Some digital design solutions can best be described in either hardware, software or both. When looking at a complete system, software means adding a microprocessor with all the support logic and memory. The computer described, is a simple stack processor. It can be built with a small number of parts that can fit inside of a single programmable logic chip (PL chip). The processor is used to execute instructions for sequential programs. The rest of the PL chip is used for custom hardware. In this heterogeneous solution, you not only write the hardware and software, you also write the computer. In the world of acronyms: CISC (complex instruction set computer), RISC (reduced instruction set computer), WISC (writable instruction set computer), MISC (minimum instruction set computer), this is a WC (writable computer).
All the components in the above diagram are inside a PL chip except the ones in dotted lines. The dotted components represent external RAM chips plus some logic on the PL chip. If the PL chip has room, the stacks reside on the PL chip. As well, if the program is small enough, the memory may reside on the PL chip. The operations for each of the blocks are listed beside them. The function unit can be customized by adding/changing functions to speed up certain algorithms that the processor sequences through. Trade-offs can be made for speed and size, shuffling design back and forth between hardware and software. The width of the data paths can be varied to match the environment that will be interfaced.
To make instruction coding much simpler, a stack based design was chosen. There are no register sets to choose from as in a conventional processor where there can be one, two or even three operands from a choice of sixteen or more.
This table lists all the component instructions with a brief description. Each component can perform one instruction each cycle.
There is no execution unit, microcode sequencer, multi-state controller, bus controller, pipeline or cache. The output bits of the instruction register control all the components directly. The x's in the component boxes, indicate how many bits of control are needed to control them. There are 16 x's on the diagram. Only 16 bits are needed from the instruction register. This is a nice match with 16 bit memory but as we'll see later, we are not restricted to 16 bits.
Operation is synchronous. All data transfers take place on the positive clock edge. This allows many data paths to be active at the same time. For instance, this allows the program counter to be pushed to the return stack while a new one is being loaded from memory for a jump to subroutine (if the program counter wasn't pushed, this would just be a jump).
Each component has at most two data paths feeding into it, one of them will be selected as needed. The data flows are all valid on the positive edge of the system clock. Data paths out of and into a block are valid at the same time since all transfers take place on the same clock edge.
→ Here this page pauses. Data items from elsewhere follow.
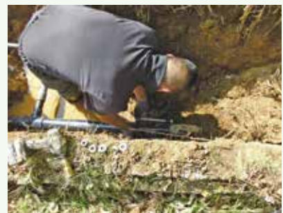
給水管漏水修理工事 作業中 (那珂川別荘地)
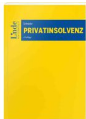
Privatinsolvenz Ladenpreis: 52,00EUR
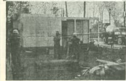
磁石交換から自動ダイヤル式に切りか えられる。川俣電話局自動ダイヤル無人局 設置工事は急ピッチで行なわれています。
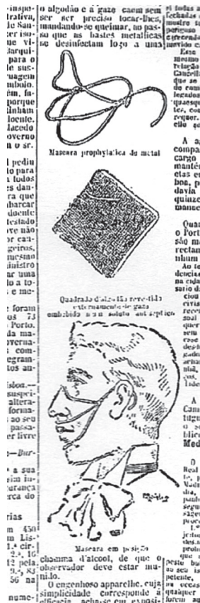
Figura III – Máscara facial profilática, Diário de Notícias , 24/08/1899
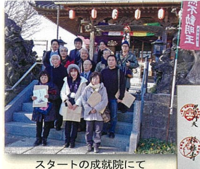
スタートの成就院にて
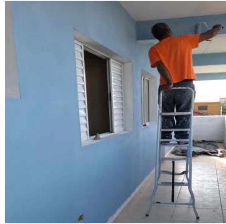
Apartamentos ganharam nova pintura externa e interna
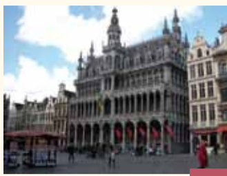
Halle aux pains Broodhuis (Maison du Roi)

Le quartier comptait également de nombreuses fontaines dont celle du Cracheur (C. Fisco, 1786), à l'angle de la rue des Pierres et de la rue du Marché-au-Charbon.
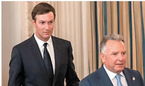
● 威特科夫(右)與特朗普女婿庫什納周二抵達俄羅斯首都莫斯科。 網上圖片

方會努力為尋求購買俄產石油的買家創造有利環境。普京將在周四訪問印度，尋求恢復俄羅斯與印度在國防和能源領域聯繫。
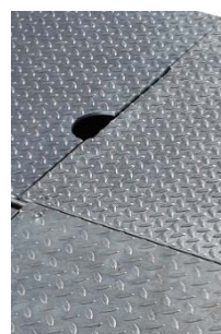
Options : Plaques de recouvrement Gabarit d'adaptation
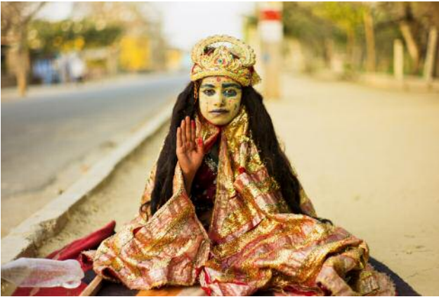
1_ A young devotee blesses pilgrims along the Govardhan parikrama, where Krishna is believed to have spent much of his youth.
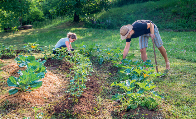
Ein Permakulturgarten: Wo vieles, das schon vorhanden ist, verwendet und miteinbezogen wird, gedeiht gesundes Gemüse.

Menschen produzieren Müll – im Gegensatz dazu gibt es in der Natur auf wundersame Weise statt Abfall nur wertvolle Rohstoffe, die in perfekten Kreisläufen immer wieder genutzt werden. Hast du dich nicht auch schon gefragt, während du die Falllaubmassen in deinem Garten zu bündigen versuchst, was eigentlich im Wald mit dem ganzen Laub passiert, das im Herbst von den Bäumen fällt? Ist dir schon mal aufgefallen, dass es in der Natur fast nirgendwo langfristig unbewachsenen, unbedeckten Boden gibt? Im Garten hingegen leidet die Erde auf den Beeten unter sommerlicher Hitze, wird rissig, trocknet aus.
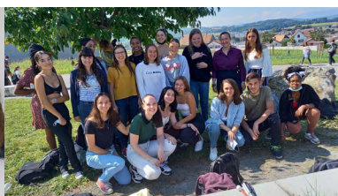
Record du nombre de personnes présentes à la rentrée en 2021
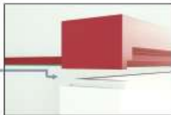
Section d'emboîtement de la plage
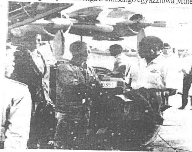
KABAKA ALINDA ENNYONYI OKUGENDA E BUNGEREZA

Amangu ddala nga yakawulira amawulire ago, pulezidenti Obote yategeeza nti newakubadde nga Uganda terina ndagaano na Burundi ya kuwanyisiganya bantu ababa bavudde mu nsi emu okulaga mu ndala, naye bwe kirikakasibwa ng'amawulire ago matuufu, Gavummenti ya Uganda yali ya kutegeeza Gavumenti ya Burundi nga Muteesa bwe yali tannava kuno, yaleka amaze okuzza emisango egimenya amateeka Gavumenti yali egenda kutegeeza Burundi nga bwe kiri ekikulu ennyo amawanga ag'omuliraano okusigala nga gakolagana bulungi mu ngeri y'omukwano. Uganda esubira nti Burundi n'amawanga amalala agagiriraanye gagenda kuyamba Gavumenti ya Uganda mu kusaba kwonna kw'eriba egasabye ku nsonga z'emisango egyazzibwa Muteesa.
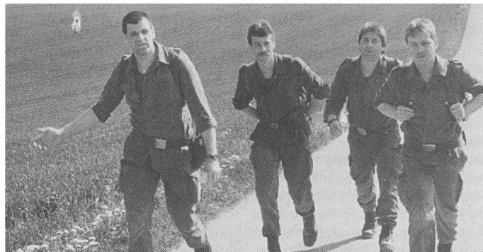
Ganz schön kräftezehrend waren die Kilometer von den Höhen der Schwäbischen Alb hinab in die Donau-Niederungen in Ulm. Bei 30 Grad wurde der 20. Donau-Waffenlauf für die Teilnehmer aus fünf Nationen zu einem schweißtreibenden Jubiläum. Die beste Mannschaft kam aus Heuberg.
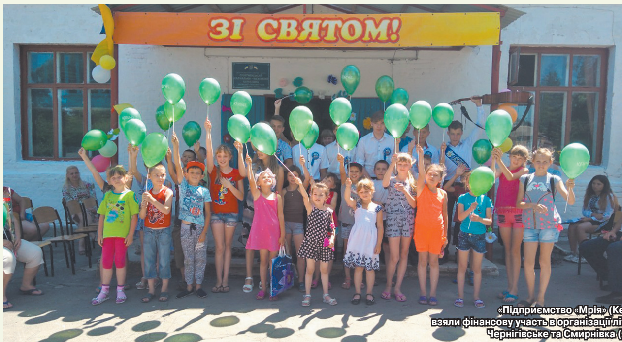
Підприємство «Мрія» (Кернел) та БФ «Разом з Кернел» взяли фінансову участь в організації літнього оздоровлення учнів шкіл сіл Домаха, Чернігівське та Смирнівка (Лозівський р-н, Харківська обл.)

This diagram shows all the data flows for the computer. Any blocks which have two inputs will choose the input to use. The memory block has two inputs for address and one input for data. The function unit accepts two inputs and has two separate outputs.
The next instruction to be loaded into the instruction register comes either from memory or the instruction register. Since memory is being shared with data, there are times when it cannot supply the next instruction which is then taken from the instruction register. For sequential operation, when the instruction is latched, the program counter is incremented to the next location.
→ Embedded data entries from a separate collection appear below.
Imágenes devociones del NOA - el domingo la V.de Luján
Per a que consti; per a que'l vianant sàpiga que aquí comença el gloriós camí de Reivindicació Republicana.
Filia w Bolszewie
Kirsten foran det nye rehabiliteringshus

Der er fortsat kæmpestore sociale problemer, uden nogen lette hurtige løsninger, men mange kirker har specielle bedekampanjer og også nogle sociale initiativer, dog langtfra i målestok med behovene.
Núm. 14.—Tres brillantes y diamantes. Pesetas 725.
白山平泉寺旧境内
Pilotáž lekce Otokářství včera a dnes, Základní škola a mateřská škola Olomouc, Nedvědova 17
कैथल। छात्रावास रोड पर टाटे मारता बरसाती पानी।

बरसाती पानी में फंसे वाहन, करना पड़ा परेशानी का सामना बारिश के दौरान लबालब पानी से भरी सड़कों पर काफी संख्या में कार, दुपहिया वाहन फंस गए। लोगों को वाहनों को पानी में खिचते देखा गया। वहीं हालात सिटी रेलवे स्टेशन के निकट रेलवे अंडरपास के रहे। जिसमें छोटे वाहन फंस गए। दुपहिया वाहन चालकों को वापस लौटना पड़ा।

Program instructions are normally taken sequentially from memory as the program counter is incremented. However, to implement programs which involve multiple instruction sequences, there must be a way to change the program counter to a non sequential location. This is done by writing a value from either the return stack or memory to the program counter. The contents of the program counter may be saved for later on the return stack. If the program counter is written, but not pushed to the return stack, then this corresponds to a jump in the program execution. If the program counter is pushed when it is written, this corresponds to a nesting of the current program execution. A new program sequence may be run and then the previous one returned to later.
When data is transferred to and from memory, the top register supplies the address to memory and the data is read from or written to the data stack.
Data operations are performed by feeding the contents of the top register and the data stack into the function unit. The outputs of the operations are fed back to the top register and the data stack. This allows two operations to be performed in parallel. Values may be pushed to the return stack for intermediate calculations.
Using a high level language to write a test program, I will describe a simple data transaction involving two input variables, an addition, and a saved result. This test program will be compiled, optimized and run to test the architecture and show how the computer is written.
3 VARIABLE X X ! ( the variable X contains a value 3 )
6 VARIABLE Y Y ! ( the variable Y contains a value 6 )
0 VARIABLE Z Z ! ( the variable Z is for holding the result )
: TEST ( -- ) X @ Y @ + Z ! ;
The high level algorithm of statistical addition is from previous work. It is implemented here as a simplified block of 4 bits which could be used as a building block for larger bit widths. The data stack is represented by a latch. For this program, leftout will be unconnected and rightin will be connected to 0.
Here's a translation to stack processor instructions:
2DUP AND 2* >R XOR R> DUP 0= UNTIL [ +' pstay tstof dstou ]
DROP ; [ tstof dpop rpop pstor nop ]
X [ dpshm mrdp nop ] [ address of X ] [ tstof dstou ]
@ [ mrdt tstof dstom ] [ tstof dstou ]
Y [ dpshm mrdp nop ] [ address of Y ] [ tstof dstou ]
@ [ mrdt tstof dstom ] [ tstof dstou ]
+ [ rpshp pstom nop ] [ address of + ]
Z [ dpshm mrdp nop ] [ address of Z ] [ tstof dstou ]
! [ mstot dpop ] [ tstof dpop ]
; [ pstay ]
All the instructions within the brackets are done at the same time and take one cycle. All the instructions on a line are required to implement the high level code. The instructions for + are a jump to its address of where it exists in memory so that its instructions are run as a subroutine. But since the length of the definition for + is only two instructions, it is at no cost to in-line the function and it'll save two execution cycles as well as the two memory cells that the + routine would have occupied.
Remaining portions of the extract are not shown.